WHAT YOU NEED TO DO
Please retype the line that contains "讲座中,左丽主要从科研的基本" and all lines that follow it to the end of the entries below, exactly as they stand, with nothing added.

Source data
Segment Open

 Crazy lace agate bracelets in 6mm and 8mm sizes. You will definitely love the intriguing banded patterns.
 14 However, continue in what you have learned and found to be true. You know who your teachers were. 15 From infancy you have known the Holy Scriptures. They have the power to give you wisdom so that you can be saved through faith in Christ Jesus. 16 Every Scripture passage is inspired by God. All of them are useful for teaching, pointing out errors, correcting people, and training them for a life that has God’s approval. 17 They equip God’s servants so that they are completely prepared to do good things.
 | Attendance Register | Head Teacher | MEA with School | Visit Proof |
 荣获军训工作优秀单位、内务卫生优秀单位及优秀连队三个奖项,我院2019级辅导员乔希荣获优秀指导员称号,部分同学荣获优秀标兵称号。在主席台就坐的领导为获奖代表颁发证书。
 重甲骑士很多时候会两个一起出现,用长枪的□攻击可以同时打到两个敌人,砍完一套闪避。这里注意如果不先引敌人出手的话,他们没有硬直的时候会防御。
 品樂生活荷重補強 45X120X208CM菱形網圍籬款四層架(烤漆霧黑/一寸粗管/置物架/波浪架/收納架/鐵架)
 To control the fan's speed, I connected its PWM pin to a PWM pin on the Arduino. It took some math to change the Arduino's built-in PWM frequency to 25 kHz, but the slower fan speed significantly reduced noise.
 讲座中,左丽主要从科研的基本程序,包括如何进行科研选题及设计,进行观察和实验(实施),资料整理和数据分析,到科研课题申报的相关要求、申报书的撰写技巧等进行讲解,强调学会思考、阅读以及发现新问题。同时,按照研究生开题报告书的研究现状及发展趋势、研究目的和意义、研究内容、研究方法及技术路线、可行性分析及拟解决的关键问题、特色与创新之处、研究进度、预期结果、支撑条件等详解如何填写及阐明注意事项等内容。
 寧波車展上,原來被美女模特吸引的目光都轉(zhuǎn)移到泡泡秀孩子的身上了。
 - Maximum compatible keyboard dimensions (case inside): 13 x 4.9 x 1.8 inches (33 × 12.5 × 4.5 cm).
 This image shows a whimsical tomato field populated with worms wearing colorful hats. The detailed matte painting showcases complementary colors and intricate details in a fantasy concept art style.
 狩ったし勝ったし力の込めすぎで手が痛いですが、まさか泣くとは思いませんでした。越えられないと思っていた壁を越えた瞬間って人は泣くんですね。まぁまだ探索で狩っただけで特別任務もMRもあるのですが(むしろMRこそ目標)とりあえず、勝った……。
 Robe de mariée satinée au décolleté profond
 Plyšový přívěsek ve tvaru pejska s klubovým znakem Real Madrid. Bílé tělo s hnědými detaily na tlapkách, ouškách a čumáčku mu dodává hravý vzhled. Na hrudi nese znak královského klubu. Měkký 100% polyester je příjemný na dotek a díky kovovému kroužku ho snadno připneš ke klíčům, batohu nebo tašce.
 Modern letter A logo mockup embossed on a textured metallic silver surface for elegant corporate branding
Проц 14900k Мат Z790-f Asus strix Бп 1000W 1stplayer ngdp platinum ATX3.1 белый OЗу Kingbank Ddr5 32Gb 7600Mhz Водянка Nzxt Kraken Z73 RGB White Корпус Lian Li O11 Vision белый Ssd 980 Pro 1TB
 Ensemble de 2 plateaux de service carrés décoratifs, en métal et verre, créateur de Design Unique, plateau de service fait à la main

Segment Closed

RESULT OF THE TASK
 讲座中,左丽主要从科研的基本程序,包括如何进行科研选题及设计,进行观察和实验(实施),资料整理和数据分析,到科研课题申报的相关要求、申报书的撰写技巧等进行讲解,强调学会思考、阅读以及发现新问题。同时,按照研究生开题报告书的研究现状及发展趋势、研究目的和意义、研究内容、研究方法及技术路线、可行性分析及拟解决的关键问题、特色与创新之处、研究进度、预期结果、支撑条件等详解如何填写及阐明注意事项等内容。
 寧波車展上,原來被美女模特吸引的目光都轉(zhuǎn)移到泡泡秀孩子的身上了。
 - Maximum compatible keyboard dimensions (case inside): 13 x 4.9 x 1.8 inches (33 × 12.5 × 4.5 cm).
 This image shows a whimsical tomato field populated with worms wearing colorful hats. The detailed matte painting showcases complementary colors and intricate details in a fantasy concept art style.
 狩ったし勝ったし力の込めすぎで手が痛いですが、まさか泣くとは思いませんでした。越えられないと思っていた壁を越えた瞬間って人は泣くんですね。まぁまだ探索で狩っただけで特別任務もMRもあるのですが(むしろMRこそ目標)とりあえず、勝った……。
 Robe de mariée satinée au décolleté profond
 Plyšový přívěsek ve tvaru pejska s klubovým znakem Real Madrid. Bílé tělo s hnědými detaily na tlapkách, ouškách a čumáčku mu dodává hravý vzhled. Na hrudi nese znak královského klubu. Měkký 100% polyester je příjemný na dotek a díky kovovému kroužku ho snadno připneš ke klíčům, batohu nebo tašce.
 Modern letter A logo mockup embossed on a textured metallic silver surface for elegant corporate branding
Проц 14900k Мат Z790-f Asus strix Бп 1000W 1stplayer ngdp platinum ATX3.1 белый OЗу Kingbank Ddr5 32Gb 7600Mhz Водянка Nzxt Kraken Z73 RGB White Корпус Lian Li O11 Vision белый Ssd 980 Pro 1TB
 Ensemble de 2 plateaux de service carrés décoratifs, en métal et verre, créateur de Design Unique, plateau de service fait à la main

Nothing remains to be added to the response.